ASSESSOR: National Centre for Pharmacoeconomics, Ireland
CO-ASSESSOR: Institute for Quality and Efficiency in Health Care, Germany

Produce a table with the following columns:
| PICO # | Population | Intervention | Comparator(s) | Key outcomes | Requesting countries (predicted) | Likelihood (high/medium/low) | Rationale | Source |
Rules:
- Population: Define by disease stage, biomarker status, line of therapy,
and age group as relevant. Split into separate PICOs where member states
are likely to request distinct subpopulations.
- Intervention: Fixed — state the product, dose, and route per SmPC.
- Comparator: One comparator (or specified combination) per PICO. If you
predict a "blended/individualised treatment" comparator, flag this
explicitly as methodologically contentious.

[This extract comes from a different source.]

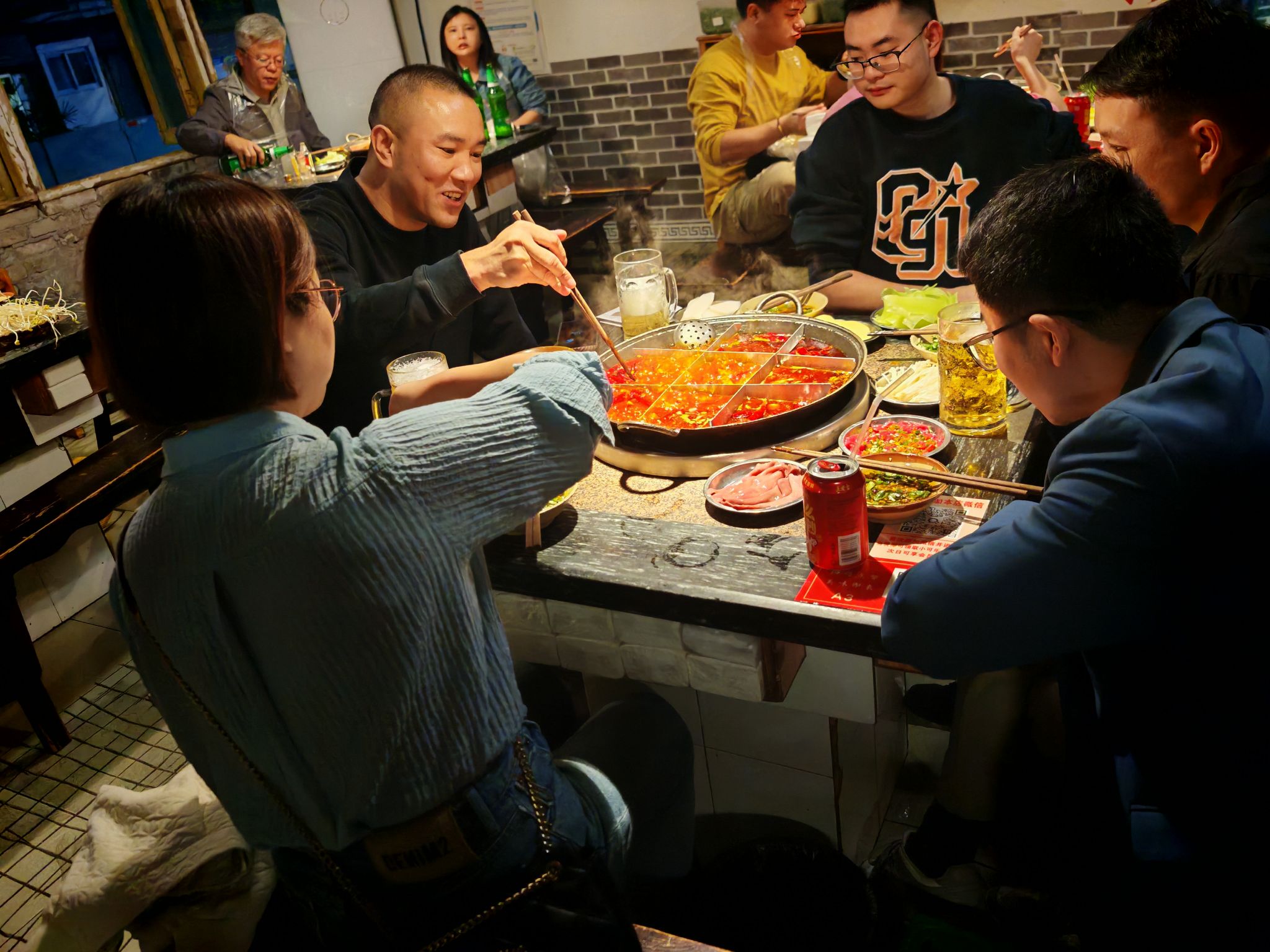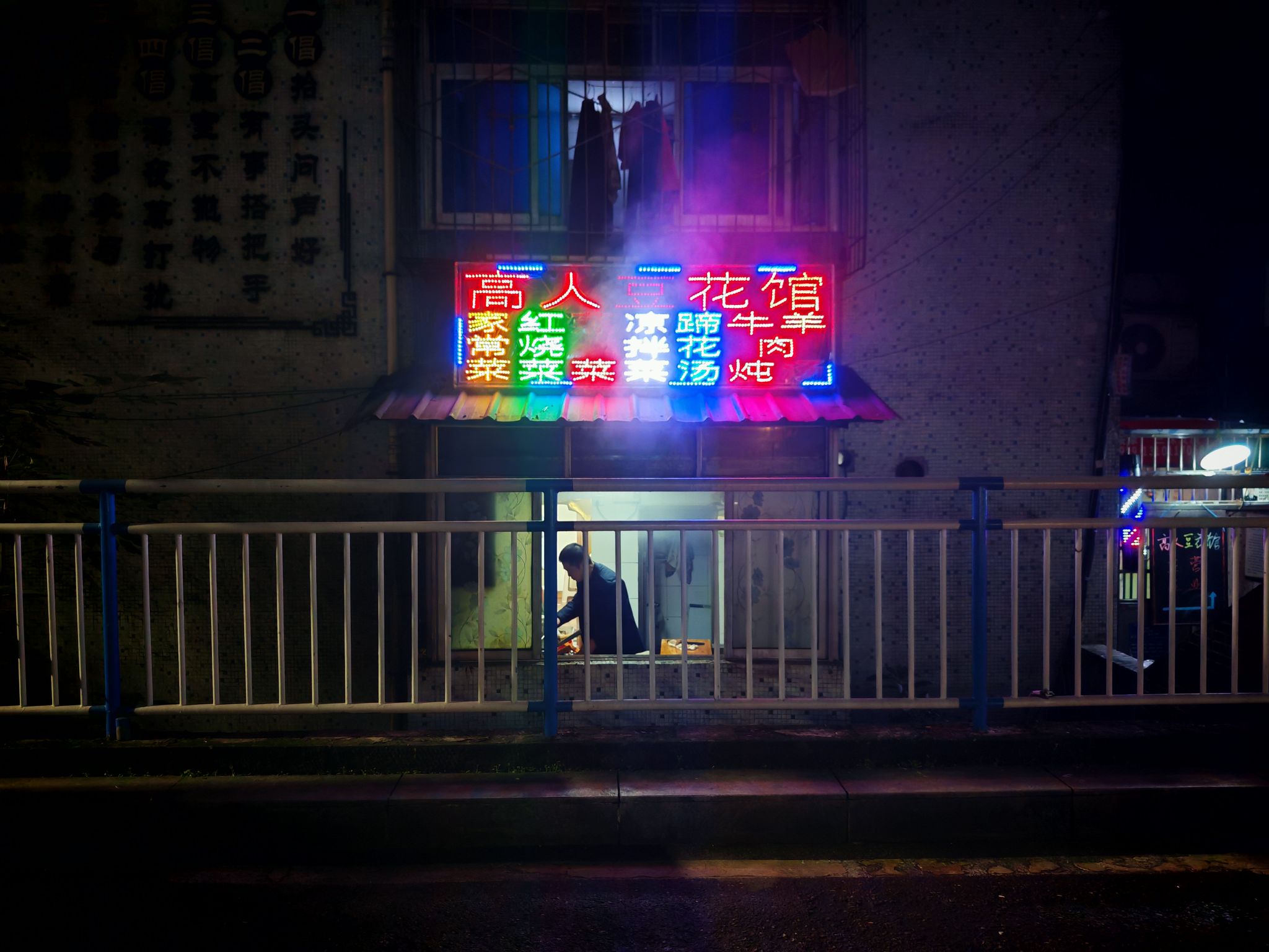 宾馆后门有烤脑花和江湖菜,我往前多走几步看到老小区里面有个居民楼下火锅,还有个高人豆花馆,也不知道他家楼上那个晾衣服的怎么想的,能熏入味了!价格都不算贵,我先吃个双脆和回锅肉试试!

- Key outcomes: List the primary and secondary outcomes likely to be
requested. Note where specific countries may request additional endpoints
(e.g., QoL for countries using cost-effectiveness analysis).
- Requesting countries: List the member states most likely to request this
specific PICO. Use country names, not codes.
- Likelihood: Your confidence that this PICO will appear in the consolidated
scope. High = near certain, Medium = plausible, Low = possible but
uncertain.
- Rationale: One sentence explaining why this PICO is predicted.
- Source: What evidence supports this prediction (guidelines, prior HTA
decisions, clinical practice patterns). Be specific.
After the table, provide:
1. TOTAL predicted PICOs: [number]
2. CONFIDENCE ASSESSMENT: Where is this prediction most likely to be wrong
and why?
3. KEY UNCERTAINTIES: What information would most improve this prediction?
Do not hedge excessively. Make concrete predictions and state your confidence
level. A wrong but specific prediction is more useful than a vague one.